A pilot version of the survey was tested on 10 participants to evaluate survey length and language prior to deployment, with only minimal edits subsequently made in order to improve clarity. A link to the main survey was then posted on a publicly accessible Facebook forum (‘Wild Swimming–Scotland’) with 97,000 members, enabling participant sign-up for eligible participants. The survey was live from 6th July 2021 to 3rd August 2021 and in total 717 participants were recruited and completed the survey.

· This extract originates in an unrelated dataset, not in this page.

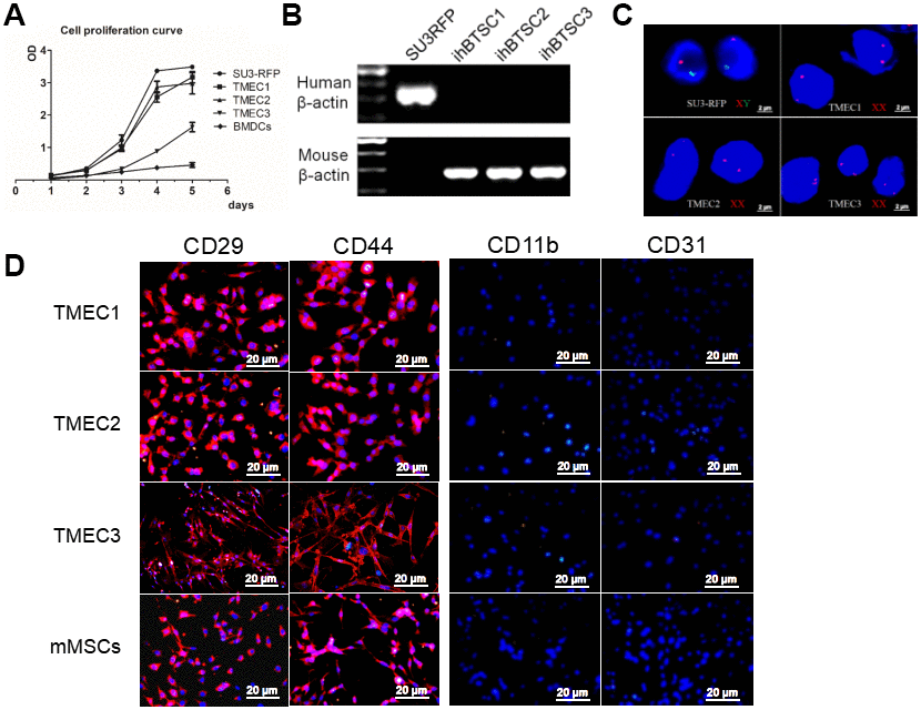 Figure 4. Transformation of host stromal cells. (A) Cell proliferation curve; (B) RT-PCR analysis of human and mouse β-actin expression in SU3 cells and three TMEC lines; (C) FISH assay of chromosomes in SU3 cells and transformed cells; (D) Immunofluorescence of the three tMSC lines. Scale bars: (C) 2 μm; (D) 20 μm.

The survey asked questions of the open water swimming community with respect to their experience and background, and their views on the risks and benefits to health and the environment from open water swimming. Participants were asked to identify their preferred outdoor water environment for swimming, the frequency and type of swimming they participate in, and how long they usually swam on a typical occasion. Participants were also asked to identify what they thought were the benefits of open water swimming and how they perceived particular risks to health and the environment from their open water swimming activities. A range of different question styles were used in the survey, including five-point Likert scale questions, multiple-choice questions, and open-ended questions. The Likert scale was used for its simplicity and ability to measure a series of attitude-related propositions and to use non-parametric tests such as Chi-Square (cross-tabulation) for statistical analyses [23]. Please refer to supporting information for a copy of the survey used (S1 File).

Data analysis

Pearson’s Chi-Squared Test of Association was used to analyse the association between participants’ responses to different questions. Chi-square significance thresholds were set at P <0.05. Following on from Chi-square tests, Cramer’s Φ analysis (ΦC) was performed for any statistically significant associations to determine association strength. Thresholds of Φc for association strength were classified as: Very Strong >0.25, Strong >0.15, Moderate >0.10, Weak >0.05, Very weak >0 [24]. Minitab 18.0 software, Minitab Inc.; State College, PA, USA was used to determine the association between responses. For the open-ended / free-text questions, thematic analysis using a coding approach enabled the identification of key themes of interest.


In total, 717 completed survey responses were received (see data availability statement). The sample was heavily skewed by female participation (92%), although a range of age-groups and socio-economic backgrounds were recorded among participants (Table 1). The city of Edinburgh, Scotland’s capital and second largest urban conurbation, accounted for the largest proportion of survey participants (13%); however, there was good spatial coverage across Scotland, with surveys completed by participants from 30 of the 32 regions of the country. With respect to the average distance travelled to participate in open water swimming, 29% of participants travelled up to 1 km and just over half (53%) typically travelled up to 5 km to reach a waterbody. Overall, 86% of participants travelled within 20 km to participate in their open water swimming activity, with only 14% stating that, on average, they travelled over 20 km. Most of those surveyed stated that lochs and lakes were their preferred water environment for wild swimming (50%), with 44% and 6% indicating the sea and rivers, respectively.

Table 1. Socio-demographic summary of survey participants.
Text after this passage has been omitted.